It's very sad because it was such a beautiful place. Calendar
beautiful, no less.
I don't know what sort of timeframe, but I do plan on doing some
flipping. Maybe not as hardcore as some folks might but who knows.
Essentially I want to set us up so that we can buy a beautiful farmette
like the one described above but with more land and no hassle or
bullshit. I have a slightly better grasp of the big pic vs. the missus
but I'm still keeping an eye out for resaleability in houses.
Btw, these houses (the current crop) are in small towns each about
20-30 minutes east and north east of Madison WI. Hopefully that's a
good place to buy low and sell high later.

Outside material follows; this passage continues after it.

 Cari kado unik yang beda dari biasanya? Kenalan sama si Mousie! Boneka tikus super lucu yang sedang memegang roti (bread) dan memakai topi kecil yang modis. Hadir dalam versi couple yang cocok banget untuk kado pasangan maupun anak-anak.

Seems that all the home construction is happening in West Madison (the
$350K McMansion subdivisions and condos) but all the
warehouse/industrial construction is happening in East Madison. They
say that home values are high where there is jobs, so hopefully that
will drive up the value of the houses in these little towns in the east
when they start getting encroached.
Or it may backfire and drive the cost down? :-(
In all likelihood, yes. :)
I would only caution that interest rates _are_ going to rise and the
present market climate is not going to last indefinitely. At some point
there are a lot of folks presently thinking they can "flip" virtually
anything going to have an unwelcome surprise. Not saying don't do
something, just be prudent.
"flipping" seems like such a dirty word..heh...

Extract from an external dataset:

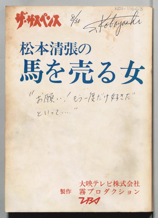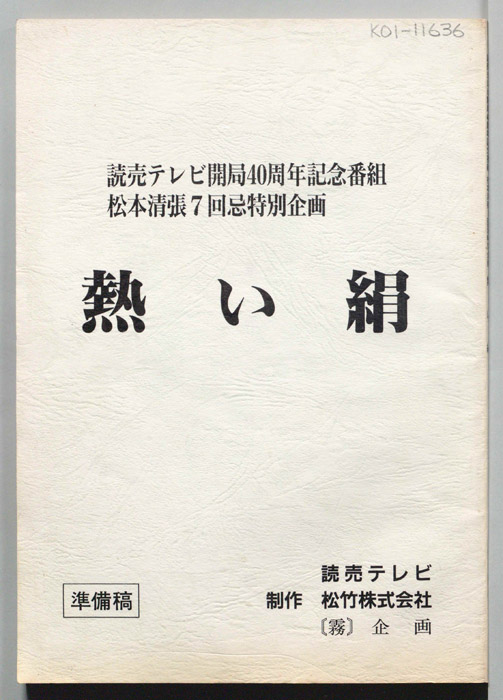 主な出演 : 松本清張,島田陽子,都はるみ,村田英雄,(司会)黒柳徹子

I still take fact in that you typically won't *lose* in buying real
estate (and you always have to live SOMEWHERE). I suppose that if some
insinuated "housing bubble burst" is about to happen, then we still got
into a house and still have a place to live, and it will still gain
Of course, I've heard all sorts of ranting and raving about "bursting
bubbles" but no real coherent predicition of when, or what that even
means- will housing prices go up, down, what?

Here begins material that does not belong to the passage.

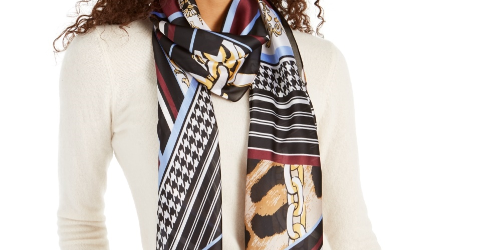 Cachecol estampado feminino com status animal da INC International Concepts, preto, tamanho regular

Unfortunately, I'm not an economics or real estate major. I hate to
admit it but I really don't know what I'm talking about :eek:...
I just want my own kitchen again, and a workshop and a place to keep my
beer cold. Also to be able to come home to the kind and beautiful
missus every night.
The first is true the last isn't necessarily so. I don't know what the
markets are in the area you're in, but I think many metro areas are
dangerously high at the present time.
If anyone knew _exactly_ when, they'd have the proverbial crystal ball.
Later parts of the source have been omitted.